# Why do cats fight after grooming each other?



## Kido (Oct 29, 2012)

My cats are always like this, but I don't know why? Any idea or similar observations? Thanks.


----------



## Blakeney Green (Jan 15, 2013)

Mine do this too.

What's shown in the video isn't actually a fight, it's play. Cats like to be rough and tumble with each other, and it doesn't necessarily indicate they aren't getting along.

Grooming each other and playing together are both normal ways for bonded cats to interact, so I think you're just seeing their bond.


----------



## MyBabiesDaddy (Jan 1, 2013)

I think it's an adorable video and it shows they love each other! Play and groom are both signs of affection, so they love each other a lot!

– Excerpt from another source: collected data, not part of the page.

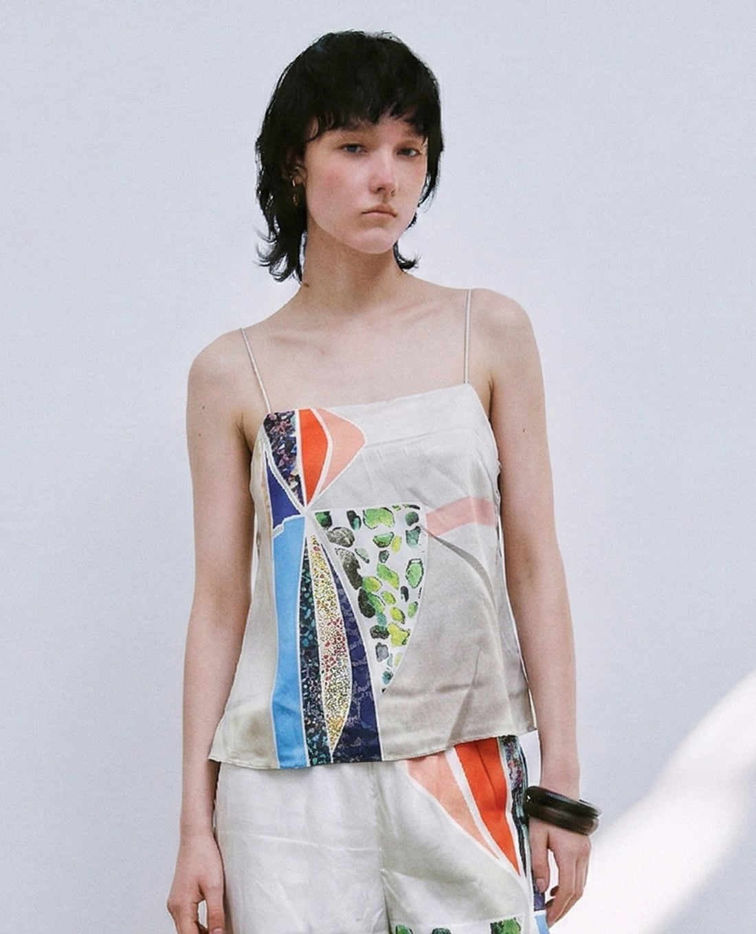 Áo hai dây nữ lụa in họa tiết nghệ thuật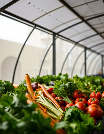 Assortment of fresh vegetables in a greenhouse setting, showcasing carrots, zucchini, tomatoes, and lettuce.
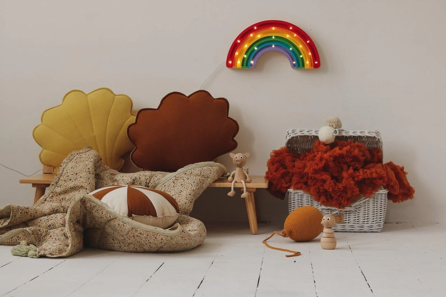 As almofadas decorativas em forma de CONCHA são lindas, muito confortáveis e práticas, criando condições perfeitas para cochilos e claro, brincadeiras! São também um complemento fantástico para fazer conjunto com as nossas tendas e tapetes.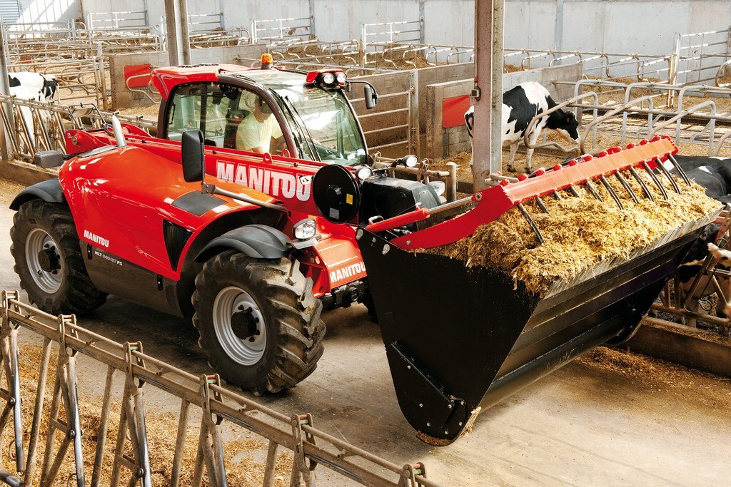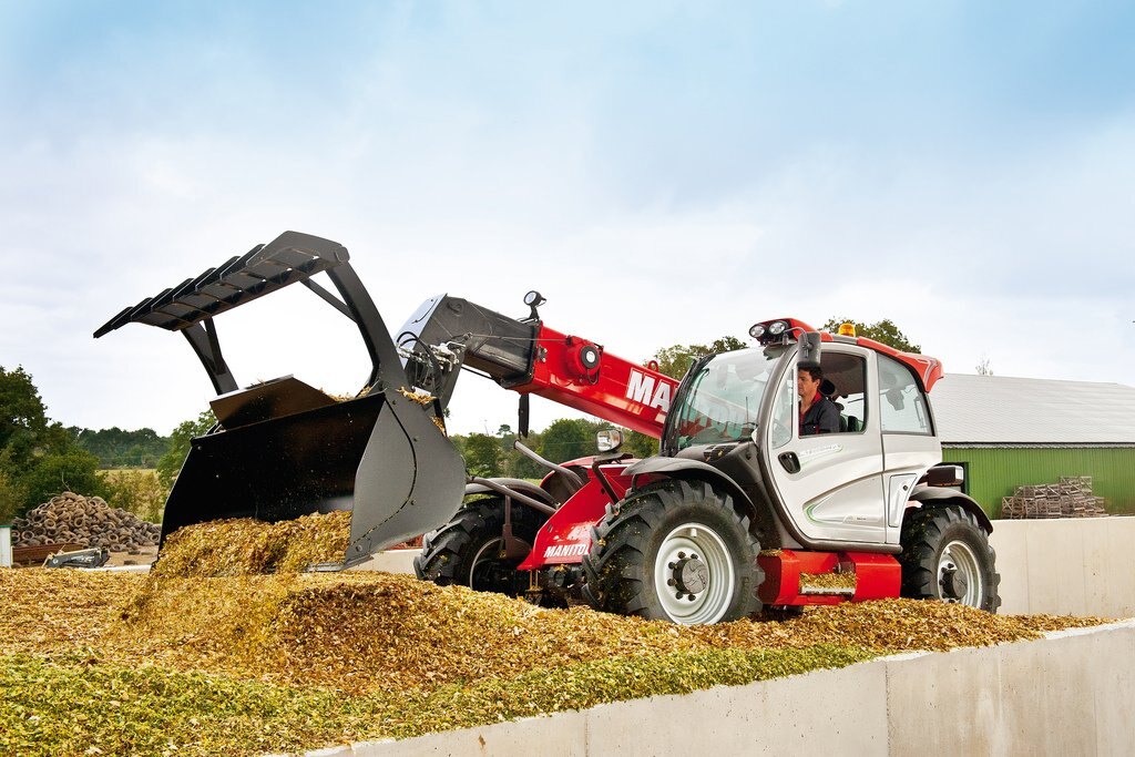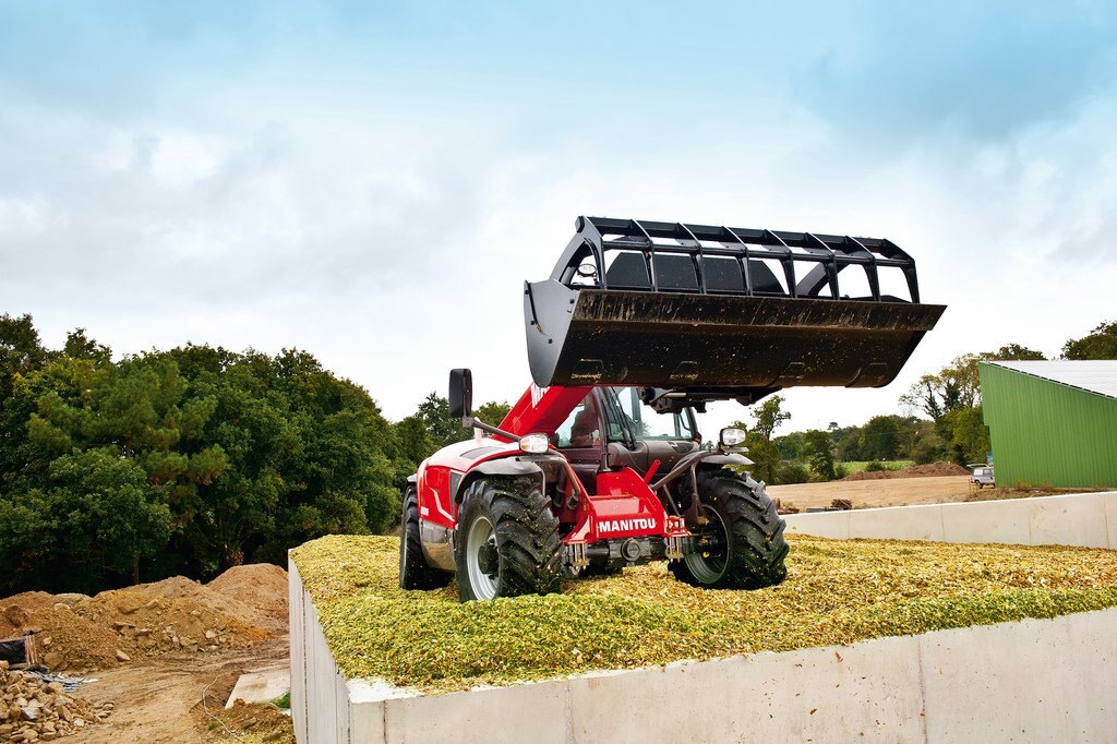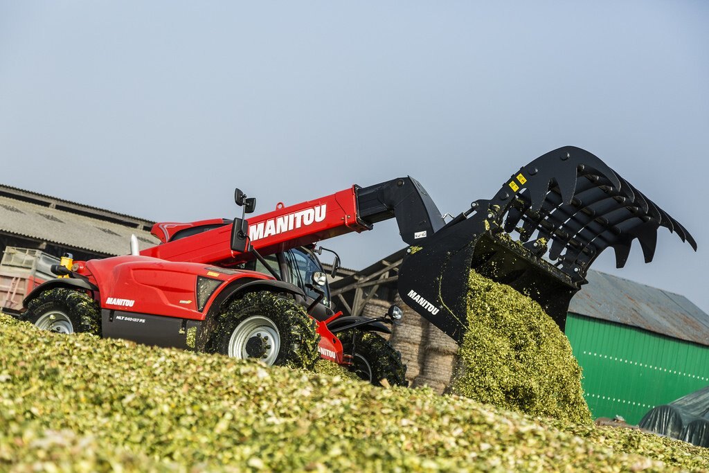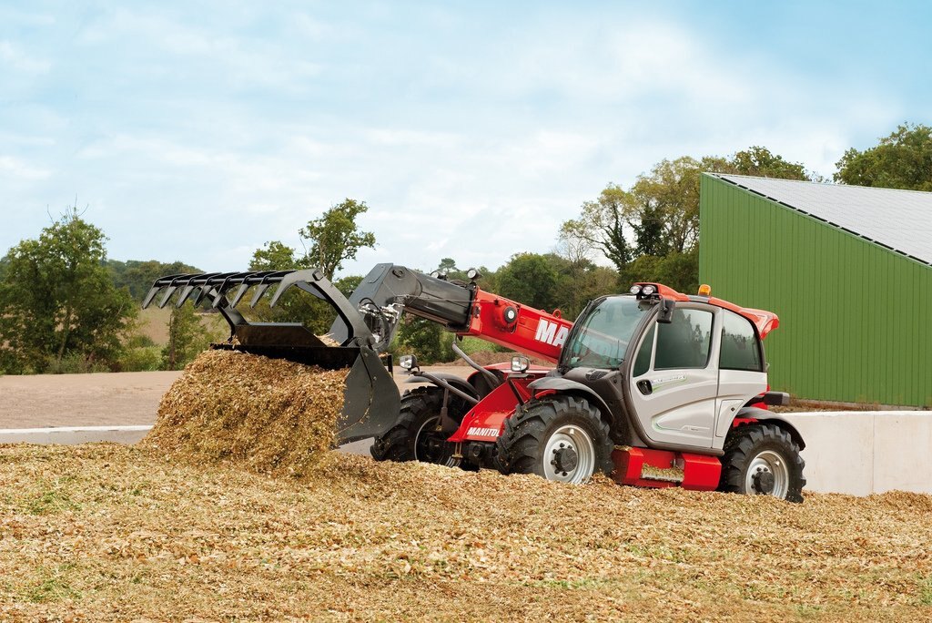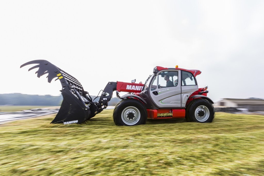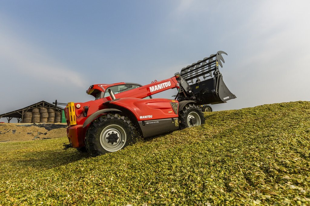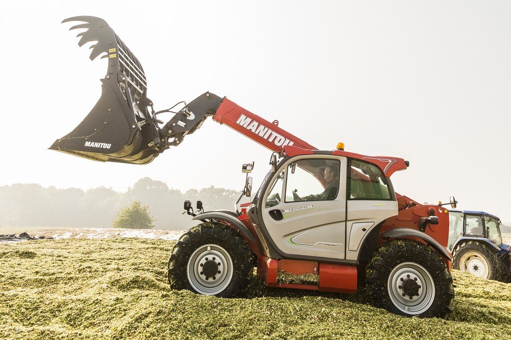 The MLT 840-115 PS is a telehandler dedicated to agricultural activities. Agricultural profile tyres, high ground clearance, excellent traction capacity and high hydraulic flow rate make this truck a real boon for all your day-to-day operational tasks. We know that you will be spending long periods of time in your telehandler, and for that reason we have created a soundproofed cabin (74 dB), with a JSM joystick mounted on a floating armrest, roomy cabin interior, and automatic alignment of the wheels, all designed to give you the comfort you deserve. The 115 hp engine meets Stage IV / Tier 4 Final standards. The M-Shift 5-speed gearbox gives you smooth gear changes and selects the optimal gear in automatic mode. The Lock-up function applies a direct lock to the torque converter and improves the efficiency of your machine, increasing its drawbar pull and reducing fuel consumption. The electronically regulated cooling system controls the fan speed according to engine temperature; the air flow inverter allows your telehandler to breathe under all conditions, enabling you to reduce your fuel consumption while ensuring that cooling is always optimal.

Very cute!


----------



## Merlin_Guinevere (Sep 2, 2012)

My cats do this all the time, particularly Emmy and Merlin. All of the kitties play together, but Emmy's and Merlin's grooming sessions ALWAYS turning into a wrestling match.


----------



## cat owner again (Dec 14, 2012)

The play here turns into a fight pretty quick. The male is too rough for the female. Today she was curled up sleeping so soundly and he of course comes in and jumps on her puts her in the head hold and bites her neck. She didn't protest but he must have started to bite too hard and then there is hissing and running.


----------



## mumof7kitties (Jan 27, 2013)

That is way cute. That's just playing. Mine will sometimes go all bi-polar on each other and get really mad. You can usually tell when they're mad vs playing. 


Sent from Petguide.com Free App


----------



## cinderflower (Apr 22, 2012)

that's cute, like everyone else said, it's playing.

my oldest cat lets the middle one groom her and they fall asleep curled up together. sometimes the youngest one will start grooming her and she gets annoyed and swats him away. (she's 16, he's 3).

the middle and the youngest are very tentative with one another. the youngest often beats up the middle one, so any grooming lasts a very short time but at least they're trying. they never even used to get on the bed together.


----------